◆ PROVIDED DATA:
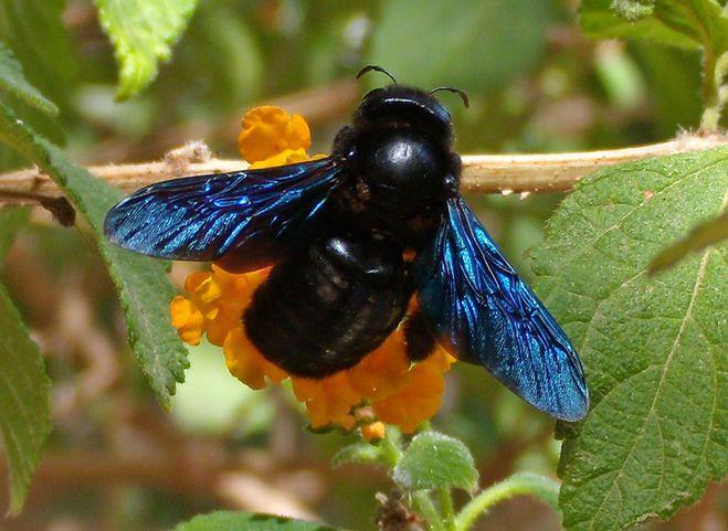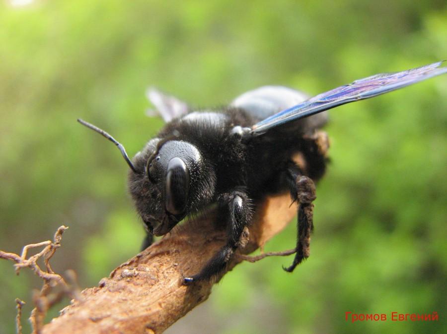 Тело плотное, черное, 2-3 см., в районе головы фиолетовый оттенок с металлическим блеском. Крылья с синеватым отливом, прозрачные, с фиолетовыми прожилками.
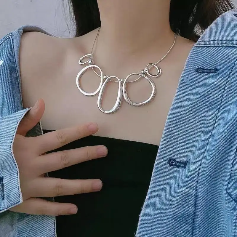 Customized Bohemian Style Snake Bone Chain Minimalist Geometric Circle Necklace Fashion Jewelry for Woman
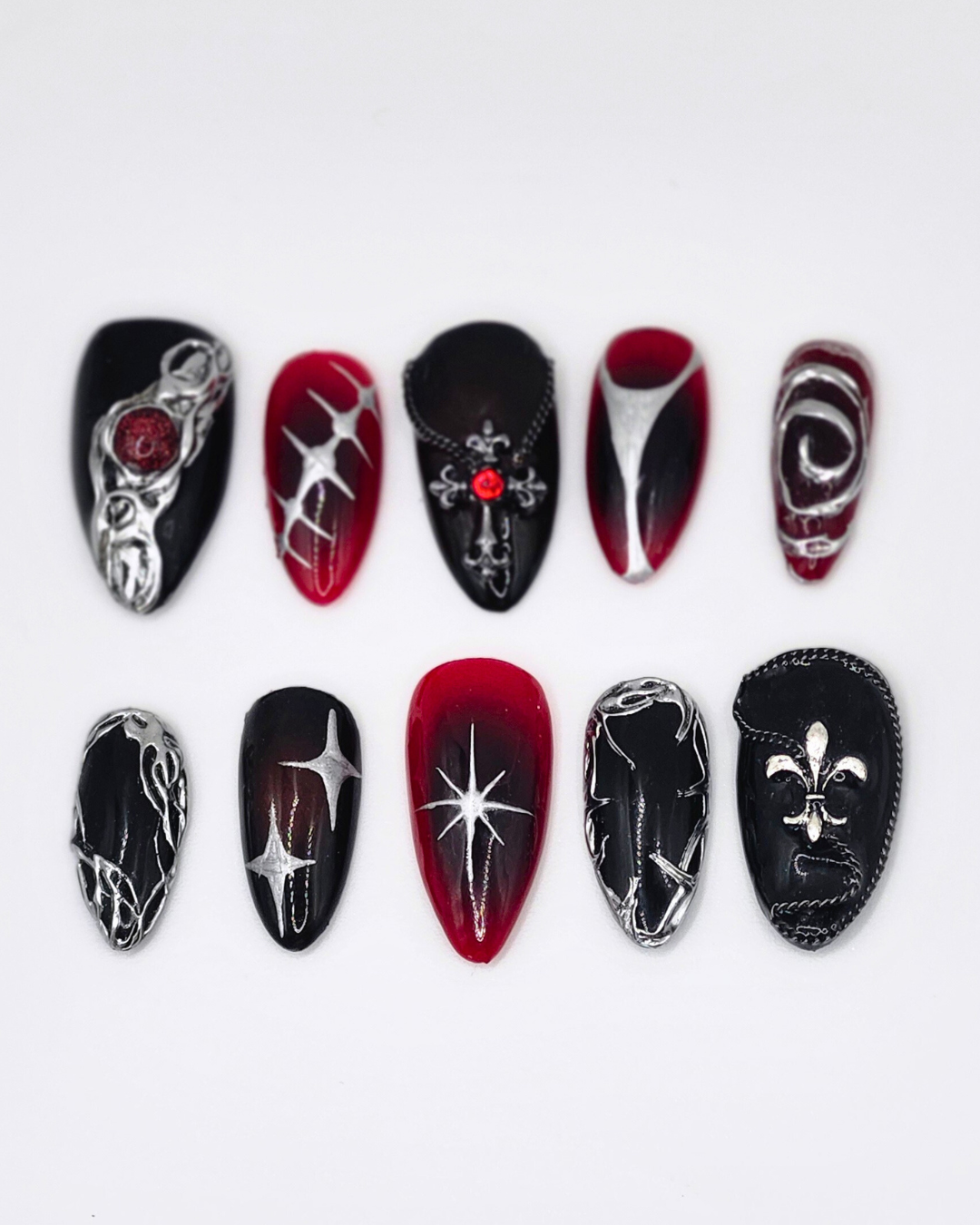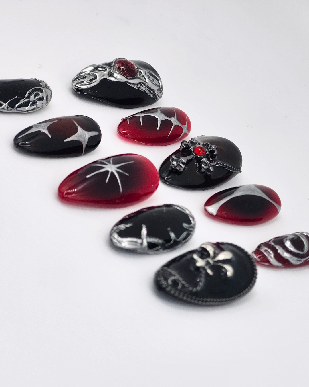 Features- Black and red base, black and red aura, silver accents, charms and 3d texture

◆ WHAT NEEDS TO BE DONE: Excluding pictures, reproduce the listing above exactly as it stands.

◆ YOUR SOLUTION:
 Тело плотное, черное, 2-3 см., в районе головы фиолетовый оттенок с металлическим блеском. Крылья с синеватым отливом, прозрачные, с фиолетовыми прожилками.
 Customized Bohemian Style Snake Bone Chain Minimalist Geometric Circle Necklace Fashion Jewelry for Woman
 Features- Black and red base, black and red aura, silver accents, charms and 3d texture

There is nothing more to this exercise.